On Sun, 31 Dec 2017, Adhemerval Zanella wrote:

> however the issue only triggers when the tests are ran from make with
> either make check or make <folder>/tests.  If I ran the tests directly
> using 'testrun.sh' the same one succeeds.

Maybe this is the issue with some versions of GNU make unlimiting the 
stack and applying that unlimited stack to subprocesses?  Any test that 
relies on properties of the stack limit needs to explicitly limit or 
unlimit the stack itself.

On 2017-12-31 17:33, Adhemerval Zanella wrote:
> On 30/12/2017 16:44, Aurelien Jarno wrote:
> > RLIM64_INFINITY was supposed to be a glibc convention rather than
> > anything seen by the kernel, but it ended being passed to the kernel
> > through the prlimit64 syscall.
> > 
> > * On the kernel side, the value is defined for the prlimit64 syscall for
> >   all architectures in include/uapi/linux/resource.h:
> > 
> >   #define RLIM64_INFINITY           (~0ULL)
> > 
> > * On the kernel side, the value is defined for getrlimit and setrlimit
> >   in arch/alpha/include/uapi/asm/resource.h
> > 
> >   #define RLIM_INFINITY            0x7ffffffffffffffful
> > 
> > * On the GNU libc side, the value is defined in
> >   sysdeps/unix/sysv/linux/alpha/bits/resource.h:
> > 
> >   # define RLIM64_INFINITY 0x7fffffffffffffffLL
> > 
> > This was not an issue until the getrlimit and setrlimit glibc functions
> > have been changed in commit 045c13d185 ("Consolidate Linux setrlimit and
> > getrlimit implementation") to use the prlimit64 syscall instead of the
> > getrlimit and setrlimit ones.
> > 
> > This patch fixes that by adding a wrapper to fix the value passed to or
> > received from the kernel, before or after calling the prlimit64 syscall.
> 
> Sigh, at least seem only alpha still defines RLIMIT64_INFINITY as 
> 0x7ffffffffffffffful.  I did see some failures related to 'allocatestack.c:480' 
> you pointed out (basically all the rt/* ones from 2.26 release info),
> however the issue only triggers when the tests are ran from make with
> either make check or make <folder>/tests.  If I ran the tests directly
> using 'testrun.sh' the same one succeeds.
> 
> Anyway, do you think you can came up with a regression tests for this
> issues?

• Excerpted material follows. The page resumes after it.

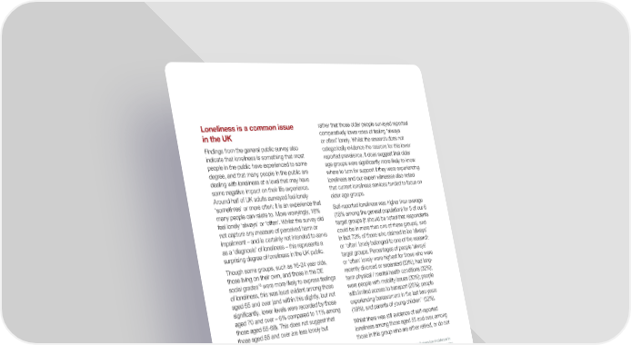 Loneliness is a common issue rather that those older people surveyed reported in the UK comparatively lower rates of feeling “always or often” lonely. Whilst the research does not Findings from the general public survey also categorically evidence the reasons for this lower indicate that loneliness is something that most reported prevalence, it does suggest that older people in the public have experienced to some age groups were significantly more likely to know degree, and that many people in the public are where to turn for support if they were experiencing dealing with loneliness at a level that may have loneliness and our expert witnesses also noted some negative impact on their life experience. that current loneliness services tended to focus on Around half of UK adults surveyed feel lonely older age groups. ‘sometimes’ or more often; it is an experience that many people can relate to. More worryingly, 18% Self-reported loneliness was higher than average feel lonely ‘always’ or ‘often’. Whilst the survey did (18% among the general population) for 5 of our 6 not capture any measure of perceived harm or target groups (it should be noted that respondents impairment – and is certainly not intended to serve could be in more than one of these groups), and as a ‘diagnosis’ of loneliness – this represents a in fact 73% of those who claimed to be ‘always’ surprising degree of loneliness in the UK public. or ‘often’ lonely belonged to one of the research target groups. Percentages of people ‘always’ Though some groups, such as 16-24 year olds, or ‘often’ lonely were highest for those who were those living on their own, and those in the DE recently divorced or separated (33%); had long- 10 social grades were more likely to express feelings term physical / mental health conditions (32%); of loneliness, this was least evident among those were people with mobility issues (30%); people aged 55 and over (and within this slightly, but not with limited access to transport (29%); people significantly, lower levels were recorded by those experiencing bereavement in the last two years aged 70 and over – 6% compared to 11% among 112 (19%); and parents of young children (32%). those aged 55-69). This does not suggest that those aged 55 and over are less lonely but Whilst there was still evidence of self-reported loneliness among those aged 55 and over, among those in this group who are either retired, or do not 10 Social grading is a standard classification based on the occupation of the chief income earner in a household. Those in the DE social grades are generally working in semi-skilled or unskilled 112Base sizes for this group were very small given low incidence in manual occupations, retired, or entirely dependent on the general population; further work would need to be conducted to state benefits. confirm prevalence of loneliness. Figure 3. Prevalence of loneliness in the UK general public Higher % always/often among: 1 4 16-24 – 32% 20 14 Children in household – 22% DE social grade* – 24% People living on own – 26% 18 Always Often Lower % always/often among: (% always/often) 55+ – 10% Sometimes 28 34 Rarely No difference in % always/often by: Never Gender, urban/rural, region Don't know Source Q1: How often do you feel lonely, if at all. Base: All UK adults aged 16+ (2,523). Loneliness is an important issue for the UK 17

Otherwise change LGTM

As long as getrlimit and setrlimit behave the same way, it's difficult
to do so. I guess it's possible to call prlimit directly and compare the
values with getrlimit and setrlimit. Such a test will fail for
architectures which have a different representation of RLIM_INFINITY in
the kernel and the libc, so it is somehow dependent on patch 2 (assuming
that alpha is the last concerned architecture, which seems to be the
case).

Aurelien

On 12/30/2017 10:44 AM, Aurelien Jarno wrote:
> RLIM64_INFINITY was supposed to be a glibc convention rather than
> anything seen by the kernel, but it ended being passed to the kernel
> through the prlimit64 syscall.
> 
> * On the kernel side, the value is defined for the prlimit64 syscall for
>   all architectures in include/uapi/linux/resource.h:
> 
>   #define RLIM64_INFINITY           (~0ULL)
> 
> * On the kernel side, the value is defined for getrlimit and setrlimit
>   in arch/alpha/include/uapi/asm/resource.h
> 
>   #define RLIM_INFINITY            0x7ffffffffffffffful

However, do_prlimit still uses RLIM_INFINITY, so I'm a bit confused about how
this change is supposed to make any difference.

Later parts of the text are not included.